Artificial Intelligence Nanodegree

Convolutional Neural Networks


In this notebook, we train a CNN on augmented images from the CIFAR-10 database.

1. Load CIFAR-10 Database


In [1]:
import keras
from keras.datasets import cifar10

# load the pre-shuffled train and test data
(x_train, y_train), (x_test, y_test) = cifar10.load_data()


Using TensorFlow backend.

2. Visualize the First 24 Training Images


In [2]:
import numpy as np
import matplotlib.pyplot as plt
%matplotlib inline

fig = plt.figure(figsize=(20,5))
for i in range(36):
    ax = fig.add_subplot(3, 12, i + 1, xticks=[], yticks=[])
    ax.imshow(np.squeeze(x_train[i]))


3. Rescale the Images by Dividing Every Pixel in Every Image by 255


In [3]:
# rescale [0,255] --> [0,1]
x_train = x_train.astype('float32')/255
x_test = x_test.astype('float32')/255

4. Break Dataset into Training, Testing, and Validation Sets


In [4]:
from keras.utils import np_utils

# break training set into training and validation sets
(x_train, x_valid) = x_train[5000:], x_train[:5000]
(y_train, y_valid) = y_train[5000:], y_train[:5000]

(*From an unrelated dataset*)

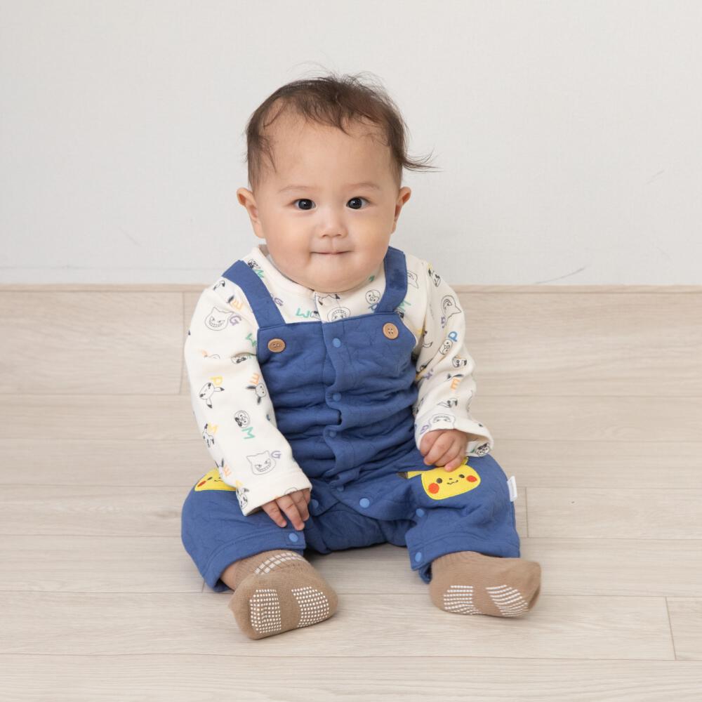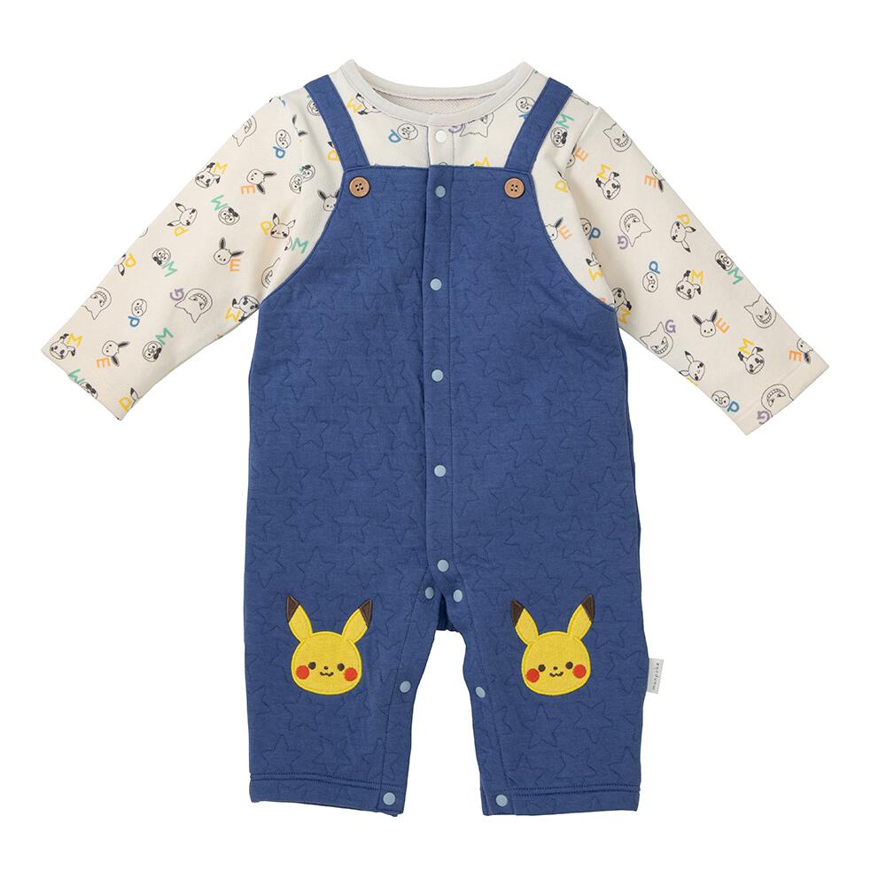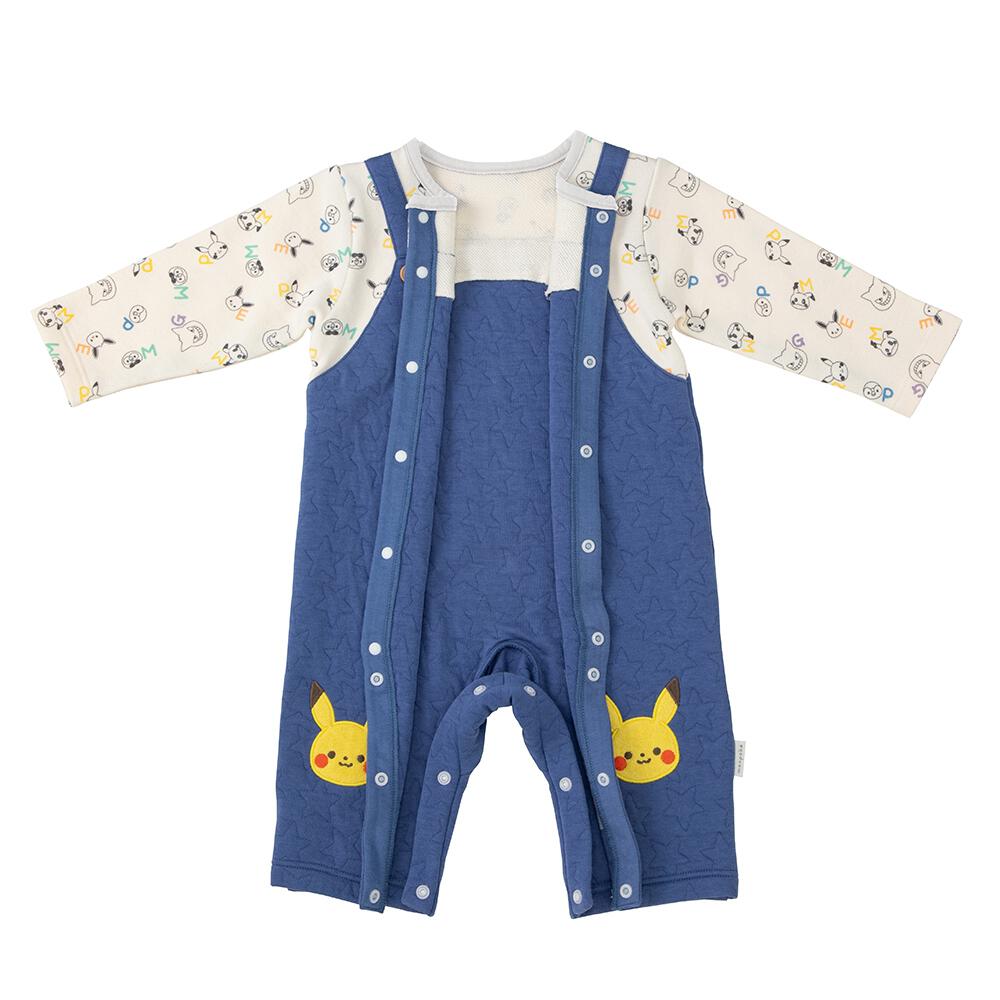 monpoke モンポケ 長袖ロンパース サロペット型 ブルー×80cm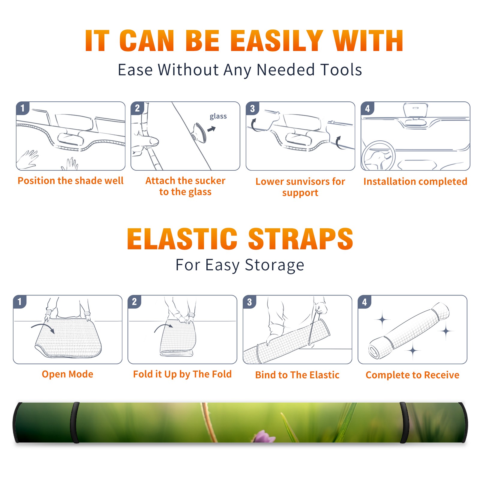 Car Windshield Sun Shade For Front Window Grass1 Foldable Vehicle Windshield Car Sun Visor Covers Automotive Window Protector Car Camping Privacy Sun Blocker

# one-hot encode the labels
num_classes = len(np.unique(y_train))
y_train = keras.utils.to_categorical(y_train, num_classes)
y_test = keras.utils.to_categorical(y_test, num_classes)
y_valid = keras.utils.to_categorical(y_valid, num_classes)

# print shape of training set
print('x_train shape:', x_train.shape)

# print number of training, validation, and test images
print(x_train.shape[0], 'train samples')
print(x_test.shape[0], 'test samples')
print(x_valid.shape[0], 'validation samples')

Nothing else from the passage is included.